Grade I Listed Hadlow Tower
06/04/2013
Hadlow Tower- the Grade I listed gothic revival folly in Kent- is complete and holiday guests will be able to stay there from May onwards. This historic landmark offers luxury holiday accommodation for six and joins the Vivat Trust’s portfolio of historic holiday properties. Accommodation starts on the first floor of the tower and includes a kitchen and octagonal dining room, a sitting room with wood burning stove, a twin bedroom and separate bathroom, and a double height master bedroom with a bed ringed in by columns and a bathroom suspended above on an inserted floor. A lift suitable for wheelchair users offers access to the first three floors, including direct access to a double bedroom and wet room.
The ground floor of Hadlow Tower will provide exhibition space where the history of the building and its significance will be explained. This space will be opened to the public on a regular basis and access to the viewing platform at the top of the lantern will be offered on Thursdays between May and September. The exhibition is an initiative organised by the SAVE Hadlow Tower Action Group.
The campaign to save this building- identified by English Heritage as a longstanding building at risk-and provide it with a sustainable new use, has been on-going for a number of years. In 1998 it joined the WMF’s List of the 100 Most Endangered Sites in the World. And following confirmation of a compulsory purchase order in March 2008, Tonbridge and Malling Borough Council took the building into their ownership and subsequently entered into a back to back agreement with the Vivat Trust with the trust becoming the owners in February 2011.
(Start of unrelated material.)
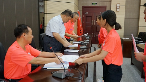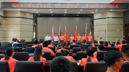 会上,由5个二级学院组成的5个实践活动小组分别派代表向学校党委书记、校长递交承诺书;党委书记、校长依次向各实践活动小组授旗,小组带队老师上台接旗。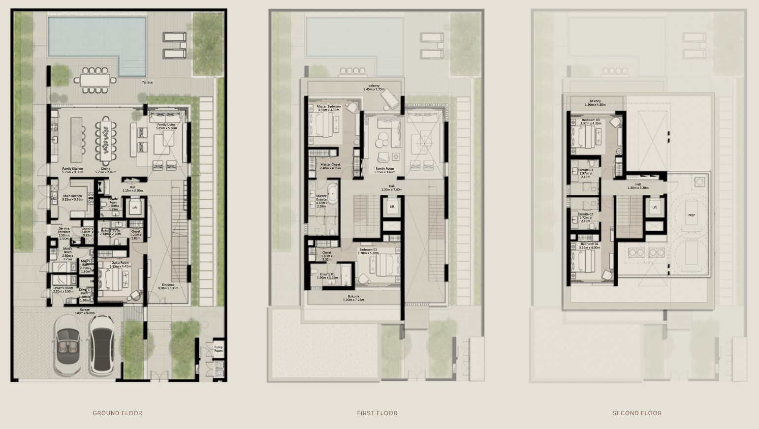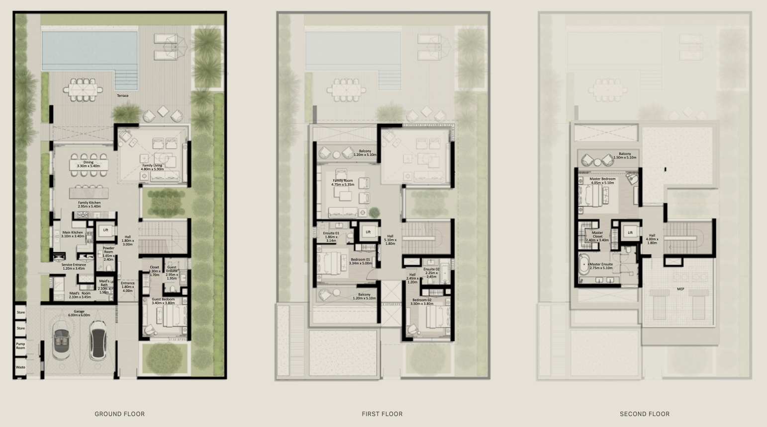 4-BEDROOM VILLAS | The front façade of the 4-bedroom villas captivates with its timeless aesthetic, while the rear design highlights expansive glass windows and stone-finish accents — a true testament to refined craftsmanship. Inside, the villas feature an open-plan layout anchored by a striking double-height living and dining area, spread across G+2 levels and equipped with a convenient lift. The first floor is designed for comfort and privacy, with two bedrooms and a family room overlooking the rear garden. The second floor is dedicated entirely to the master suite, which features a spacious walk-in closet, a luxurious ensuite bathroom, and a generous terrace. |

Inspired by Beckford’s Fonthill Abbey, the Tower was built in 1838, as part of Hadlow Castle, by Walter Barton May who inherited the building project from his father. Built of brick and clad in a roman cement render, the exterior of the tower was originally richly adorned with intricate gothic revival ornamentation made from pre-cast roman cement. Roman cement was developed in Kent in the 1780s. Whilst the tradition of using this material has fallen out of use in this country, it has continued on the continent. Materials for this project were imported from France.
In 1951 the tower was saved from demolition by the portrait painter, Bernard Hailstone, while the rest of the castle was dismantled. Following years of neglect, storm damage and controlled down-takings, the tower became an unadorned stump.